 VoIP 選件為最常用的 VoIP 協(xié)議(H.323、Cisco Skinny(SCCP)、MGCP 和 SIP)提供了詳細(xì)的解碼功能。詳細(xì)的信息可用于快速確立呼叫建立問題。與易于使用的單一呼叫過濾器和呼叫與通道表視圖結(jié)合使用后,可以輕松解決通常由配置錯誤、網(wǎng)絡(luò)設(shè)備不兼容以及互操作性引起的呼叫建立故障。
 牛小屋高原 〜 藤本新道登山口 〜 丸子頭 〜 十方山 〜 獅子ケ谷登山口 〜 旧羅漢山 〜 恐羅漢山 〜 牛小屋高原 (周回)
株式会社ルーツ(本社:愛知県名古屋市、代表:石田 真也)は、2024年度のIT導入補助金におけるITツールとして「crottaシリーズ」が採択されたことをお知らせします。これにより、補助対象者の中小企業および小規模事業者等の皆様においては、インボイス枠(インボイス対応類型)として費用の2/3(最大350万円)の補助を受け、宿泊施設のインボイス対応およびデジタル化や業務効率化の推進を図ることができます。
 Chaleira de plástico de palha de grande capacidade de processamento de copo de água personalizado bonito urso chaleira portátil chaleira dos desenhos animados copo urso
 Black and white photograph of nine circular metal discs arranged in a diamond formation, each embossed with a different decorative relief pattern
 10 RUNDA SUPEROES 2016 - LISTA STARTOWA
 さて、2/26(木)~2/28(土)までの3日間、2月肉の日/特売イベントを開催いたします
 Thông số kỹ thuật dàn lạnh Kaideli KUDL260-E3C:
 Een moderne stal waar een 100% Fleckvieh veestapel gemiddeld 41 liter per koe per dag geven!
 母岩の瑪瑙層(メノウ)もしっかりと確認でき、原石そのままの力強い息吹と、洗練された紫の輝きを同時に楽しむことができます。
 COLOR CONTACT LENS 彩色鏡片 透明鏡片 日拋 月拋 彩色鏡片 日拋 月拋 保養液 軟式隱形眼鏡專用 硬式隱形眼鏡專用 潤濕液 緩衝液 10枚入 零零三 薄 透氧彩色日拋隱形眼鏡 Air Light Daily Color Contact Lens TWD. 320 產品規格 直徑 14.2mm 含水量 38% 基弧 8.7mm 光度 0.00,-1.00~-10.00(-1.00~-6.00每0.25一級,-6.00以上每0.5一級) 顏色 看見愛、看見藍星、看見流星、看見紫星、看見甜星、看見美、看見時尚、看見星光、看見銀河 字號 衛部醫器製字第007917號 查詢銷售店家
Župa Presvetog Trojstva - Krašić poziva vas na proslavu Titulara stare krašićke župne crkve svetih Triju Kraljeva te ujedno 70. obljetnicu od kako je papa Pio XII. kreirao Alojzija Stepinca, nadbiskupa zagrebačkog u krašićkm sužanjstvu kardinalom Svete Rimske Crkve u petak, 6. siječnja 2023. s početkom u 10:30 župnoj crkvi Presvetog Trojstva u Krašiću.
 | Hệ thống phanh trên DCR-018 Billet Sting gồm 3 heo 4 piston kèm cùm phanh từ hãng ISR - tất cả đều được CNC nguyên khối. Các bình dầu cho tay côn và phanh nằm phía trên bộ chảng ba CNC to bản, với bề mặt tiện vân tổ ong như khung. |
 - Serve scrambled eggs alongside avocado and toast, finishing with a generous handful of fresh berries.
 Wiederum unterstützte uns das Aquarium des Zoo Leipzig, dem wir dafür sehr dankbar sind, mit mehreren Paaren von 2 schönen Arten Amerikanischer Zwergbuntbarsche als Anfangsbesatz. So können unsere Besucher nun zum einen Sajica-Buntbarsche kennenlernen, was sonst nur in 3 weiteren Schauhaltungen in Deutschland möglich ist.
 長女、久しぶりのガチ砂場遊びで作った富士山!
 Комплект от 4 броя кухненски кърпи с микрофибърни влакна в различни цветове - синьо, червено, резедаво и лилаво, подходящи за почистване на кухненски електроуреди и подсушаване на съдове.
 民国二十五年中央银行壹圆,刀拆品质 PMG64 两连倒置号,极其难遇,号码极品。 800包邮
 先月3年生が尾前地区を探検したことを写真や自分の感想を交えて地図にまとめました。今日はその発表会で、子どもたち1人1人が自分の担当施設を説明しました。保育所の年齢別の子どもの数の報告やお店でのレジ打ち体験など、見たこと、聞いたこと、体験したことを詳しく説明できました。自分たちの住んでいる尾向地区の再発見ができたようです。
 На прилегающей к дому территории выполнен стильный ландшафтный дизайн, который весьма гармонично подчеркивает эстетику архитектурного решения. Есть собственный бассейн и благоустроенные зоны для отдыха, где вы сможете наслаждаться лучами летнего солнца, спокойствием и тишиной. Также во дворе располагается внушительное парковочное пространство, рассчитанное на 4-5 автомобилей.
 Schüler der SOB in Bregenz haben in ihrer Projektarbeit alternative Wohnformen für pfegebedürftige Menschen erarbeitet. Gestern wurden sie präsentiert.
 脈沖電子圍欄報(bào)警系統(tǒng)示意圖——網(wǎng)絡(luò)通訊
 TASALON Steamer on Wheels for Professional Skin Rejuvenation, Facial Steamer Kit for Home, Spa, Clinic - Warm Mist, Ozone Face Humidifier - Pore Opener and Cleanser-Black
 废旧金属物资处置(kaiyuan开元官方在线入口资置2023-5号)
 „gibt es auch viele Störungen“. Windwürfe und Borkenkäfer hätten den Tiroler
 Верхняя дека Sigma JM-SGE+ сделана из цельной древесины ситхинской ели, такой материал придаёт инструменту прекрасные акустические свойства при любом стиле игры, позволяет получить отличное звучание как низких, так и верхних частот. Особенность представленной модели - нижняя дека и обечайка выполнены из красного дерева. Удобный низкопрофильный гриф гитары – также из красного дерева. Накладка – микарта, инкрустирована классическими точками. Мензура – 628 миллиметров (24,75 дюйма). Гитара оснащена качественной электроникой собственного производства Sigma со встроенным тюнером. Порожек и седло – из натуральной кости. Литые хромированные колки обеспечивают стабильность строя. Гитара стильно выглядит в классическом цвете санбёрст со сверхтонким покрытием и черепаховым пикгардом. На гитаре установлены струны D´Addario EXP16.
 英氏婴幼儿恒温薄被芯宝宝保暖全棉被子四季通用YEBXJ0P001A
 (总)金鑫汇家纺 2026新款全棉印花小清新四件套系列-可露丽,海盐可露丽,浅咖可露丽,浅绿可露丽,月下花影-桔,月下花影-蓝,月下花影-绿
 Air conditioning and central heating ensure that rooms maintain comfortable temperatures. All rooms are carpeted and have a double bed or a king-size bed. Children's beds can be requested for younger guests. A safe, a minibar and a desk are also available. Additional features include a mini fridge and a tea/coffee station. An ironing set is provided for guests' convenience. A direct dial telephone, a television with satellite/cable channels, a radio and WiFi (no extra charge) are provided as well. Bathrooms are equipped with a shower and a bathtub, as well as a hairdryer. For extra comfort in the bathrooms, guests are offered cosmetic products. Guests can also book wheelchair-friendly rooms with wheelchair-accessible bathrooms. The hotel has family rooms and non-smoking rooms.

WHAT TO PRODUCE: Each line above must be retyped exactly.

WRITTEN ANSWER:
 VoIP 選件為最常用的 VoIP 協(xié)議(H.323、Cisco Skinny(SCCP)、MGCP 和 SIP)提供了詳細(xì)的解碼功能。詳細(xì)的信息可用于快速確立呼叫建立問題。與易于使用的單一呼叫過濾器和呼叫與通道表視圖結(jié)合使用后,可以輕松解決通常由配置錯誤、網(wǎng)絡(luò)設(shè)備不兼容以及互操作性引起的呼叫建立故障。
 牛小屋高原 〜 藤本新道登山口 〜 丸子頭 〜 十方山 〜 獅子ケ谷登山口 〜 旧羅漢山 〜 恐羅漢山 〜 牛小屋高原 (周回)
株式会社ルーツ(本社:愛知県名古屋市、代表:石田 真也)は、2024年度のIT導入補助金におけるITツールとして「crottaシリーズ」が採択されたことをお知らせします。これにより、補助対象者の中小企業および小規模事業者等の皆様においては、インボイス枠(インボイス対応類型)として費用の2/3(最大350万円)の補助を受け、宿泊施設のインボイス対応およびデジタル化や業務効率化の推進を図ることができます。
 Chaleira de plástico de palha de grande capacidade de processamento de copo de água personalizado bonito urso chaleira portátil chaleira dos desenhos animados copo urso
 Black and white photograph of nine circular metal discs arranged in a diamond formation, each embossed with a different decorative relief pattern
 10 RUNDA SUPEROES 2016 - LISTA STARTOWA
 さて、2/26(木)~2/28(土)までの3日間、2月肉の日/特売イベントを開催いたします
 Thông số kỹ thuật dàn lạnh Kaideli KUDL260-E3C:
 Een moderne stal waar een 100% Fleckvieh veestapel gemiddeld 41 liter per koe per dag geven!
 母岩の瑪瑙層(メノウ)もしっかりと確認でき、原石そのままの力強い息吹と、洗練された紫の輝きを同時に楽しむことができます。
 COLOR CONTACT LENS 彩色鏡片 透明鏡片 日拋 月拋 彩色鏡片 日拋 月拋 保養液 軟式隱形眼鏡專用 硬式隱形眼鏡專用 潤濕液 緩衝液 10枚入 零零三 薄 透氧彩色日拋隱形眼鏡 Air Light Daily Color Contact Lens TWD. 320 產品規格 直徑 14.2mm 含水量 38% 基弧 8.7mm 光度 0.00,-1.00~-10.00(-1.00~-6.00每0.25一級,-6.00以上每0.5一級) 顏色 看見愛、看見藍星、看見流星、看見紫星、看見甜星、看見美、看見時尚、看見星光、看見銀河 字號 衛部醫器製字第007917號 查詢銷售店家
Župa Presvetog Trojstva - Krašić poziva vas na proslavu Titulara stare krašićke župne crkve svetih Triju Kraljeva te ujedno 70. obljetnicu od kako je papa Pio XII. kreirao Alojzija Stepinca, nadbiskupa zagrebačkog u krašićkm sužanjstvu kardinalom Svete Rimske Crkve u petak, 6. siječnja 2023. s početkom u 10:30 župnoj crkvi Presvetog Trojstva u Krašiću.
 | Hệ thống phanh trên DCR-018 Billet Sting gồm 3 heo 4 piston kèm cùm phanh từ hãng ISR - tất cả đều được CNC nguyên khối. Các bình dầu cho tay côn và phanh nằm phía trên bộ chảng ba CNC to bản, với bề mặt tiện vân tổ ong như khung. |
 - Serve scrambled eggs alongside avocado and toast, finishing with a generous handful of fresh berries.
 Wiederum unterstützte uns das Aquarium des Zoo Leipzig, dem wir dafür sehr dankbar sind, mit mehreren Paaren von 2 schönen Arten Amerikanischer Zwergbuntbarsche als Anfangsbesatz. So können unsere Besucher nun zum einen Sajica-Buntbarsche kennenlernen, was sonst nur in 3 weiteren Schauhaltungen in Deutschland möglich ist.
 長女、久しぶりのガチ砂場遊びで作った富士山!
 Комплект от 4 броя кухненски кърпи с микрофибърни влакна в различни цветове - синьо, червено, резедаво и лилаво, подходящи за почистване на кухненски електроуреди и подсушаване на съдове.
 民国二十五年中央银行壹圆,刀拆品质 PMG64 两连倒置号,极其难遇,号码极品。 800包邮
 先月3年生が尾前地区を探検したことを写真や自分の感想を交えて地図にまとめました。今日はその発表会で、子どもたち1人1人が自分の担当施設を説明しました。保育所の年齢別の子どもの数の報告やお店でのレジ打ち体験など、見たこと、聞いたこと、体験したことを詳しく説明できました。自分たちの住んでいる尾向地区の再発見ができたようです。
 На прилегающей к дому территории выполнен стильный ландшафтный дизайн, который весьма гармонично подчеркивает эстетику архитектурного решения. Есть собственный бассейн и благоустроенные зоны для отдыха, где вы сможете наслаждаться лучами летнего солнца, спокойствием и тишиной. Также во дворе располагается внушительное парковочное пространство, рассчитанное на 4-5 автомобилей.
 Schüler der SOB in Bregenz haben in ihrer Projektarbeit alternative Wohnformen für pfegebedürftige Menschen erarbeitet. Gestern wurden sie präsentiert.
 脈沖電子圍欄報(bào)警系統(tǒng)示意圖——網(wǎng)絡(luò)通訊
 TASALON Steamer on Wheels for Professional Skin Rejuvenation, Facial Steamer Kit for Home, Spa, Clinic - Warm Mist, Ozone Face Humidifier - Pore Opener and Cleanser-Black
 废旧金属物资处置(kaiyuan开元官方在线入口资置2023-5号)
 „gibt es auch viele Störungen“. Windwürfe und Borkenkäfer hätten den Tiroler
 Верхняя дека Sigma JM-SGE+ сделана из цельной древесины ситхинской ели, такой материал придаёт инструменту прекрасные акустические свойства при любом стиле игры, позволяет получить отличное звучание как низких, так и верхних частот. Особенность представленной модели - нижняя дека и обечайка выполнены из красного дерева. Удобный низкопрофильный гриф гитары – также из красного дерева. Накладка – микарта, инкрустирована классическими точками. Мензура – 628 миллиметров (24,75 дюйма). Гитара оснащена качественной электроникой собственного производства Sigma со встроенным тюнером. Порожек и седло – из натуральной кости. Литые хромированные колки обеспечивают стабильность строя. Гитара стильно выглядит в классическом цвете санбёрст со сверхтонким покрытием и черепаховым пикгардом. На гитаре установлены струны D´Addario EXP16.
 英氏婴幼儿恒温薄被芯宝宝保暖全棉被子四季通用YEBXJ0P001A
 (总)金鑫汇家纺 2026新款全棉印花小清新四件套系列-可露丽,海盐可露丽,浅咖可露丽,浅绿可露丽,月下花影-桔,月下花影-蓝,月下花影-绿
 Air conditioning and central heating ensure that rooms maintain comfortable temperatures. All rooms are carpeted and have a double bed or a king-size bed. Children's beds can be requested for younger guests. A safe, a minibar and a desk are also available. Additional features include a mini fridge and a tea/coffee station. An ironing set is provided for guests' convenience. A direct dial telephone, a television with satellite/cable channels, a radio and WiFi (no extra charge) are provided as well. Bathrooms are equipped with a shower and a bathtub, as well as a hairdryer. For extra comfort in the bathrooms, guests are offered cosmetic products. Guests can also book wheelchair-friendly rooms with wheelchair-accessible bathrooms. The hotel has family rooms and non-smoking rooms.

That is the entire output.